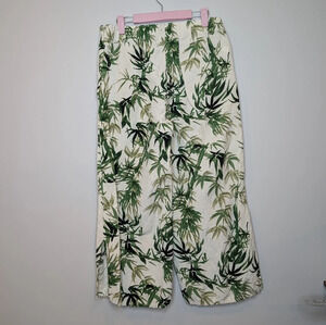 J Jill Cream Tropical Leaf Plant Patterned Linen Blend Wide Leg Pants Women S
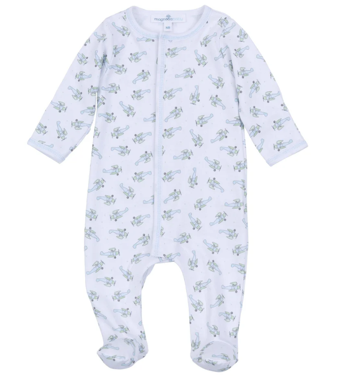 Take to the skies in comfort with this charming footie, featuring an engaging all-over airplane print. This one-piece offers full-body coziness and a playful look, highlighted by a subtle picot trim. 100% Pima Cotton
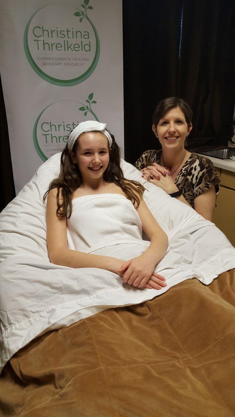 Ever since Sage used super oily makeup for her SHREK performances, she been having trouble breaking out.  I ahd been thinking about taking her to see Christina to get a mini facial and to talk about basic skin care, so spring break was a good time to do that.
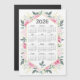 2026 Calendar Watercolor Pink Botanical Greenery
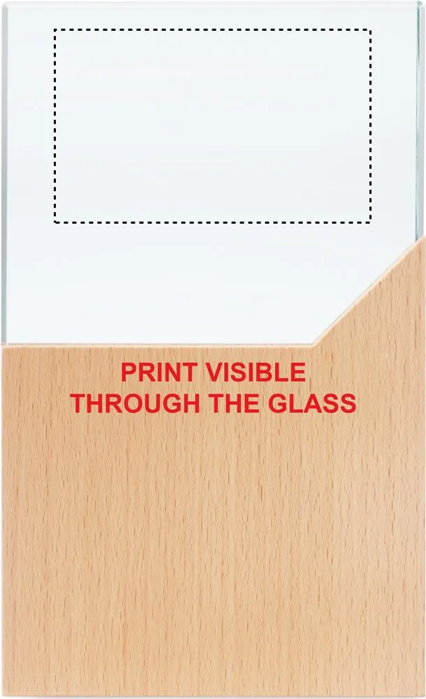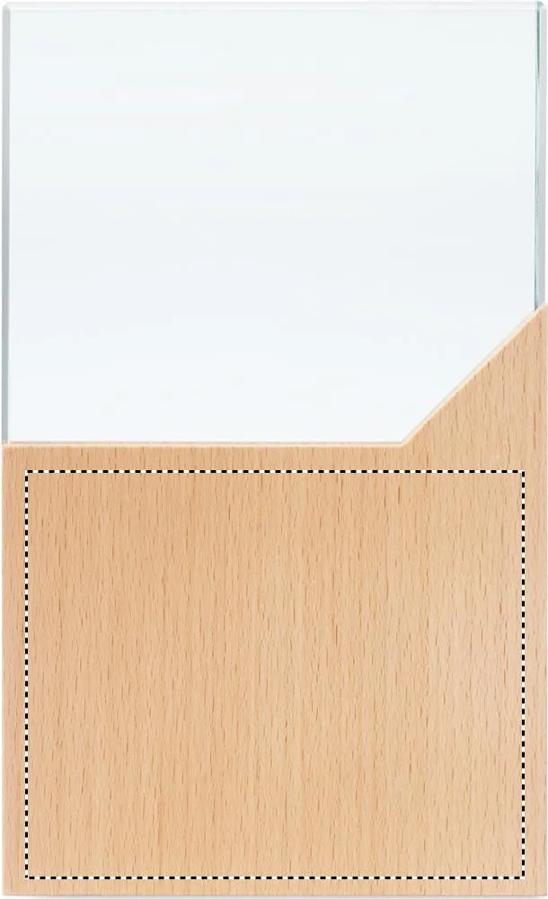 Prémio de cristal ou placa comemorativa sobre uma base de madeira de faia numa caixa de presente.Placa de prémio

----

# Task details
Could you print the material above word for word and skip the images?

# Solution
 J Jill Cream Tropical Leaf Plant Patterned Linen Blend Wide Leg Pants Women S
 Take to the skies in comfort with this charming footie, featuring an engaging all-over airplane print. This one-piece offers full-body coziness and a playful look, highlighted by a subtle picot trim. 100% Pima Cotton
 Ever since Sage used super oily makeup for her SHREK performances, she been having trouble breaking out.  I ahd been thinking about taking her to see Christina to get a mini facial and to talk about basic skin care, so spring break was a good time to do that.
 2026 Calendar Watercolor Pink Botanical Greenery
 Prémio de cristal ou placa comemorativa sobre uma base de madeira de faia numa caixa de presente.Placa de prémio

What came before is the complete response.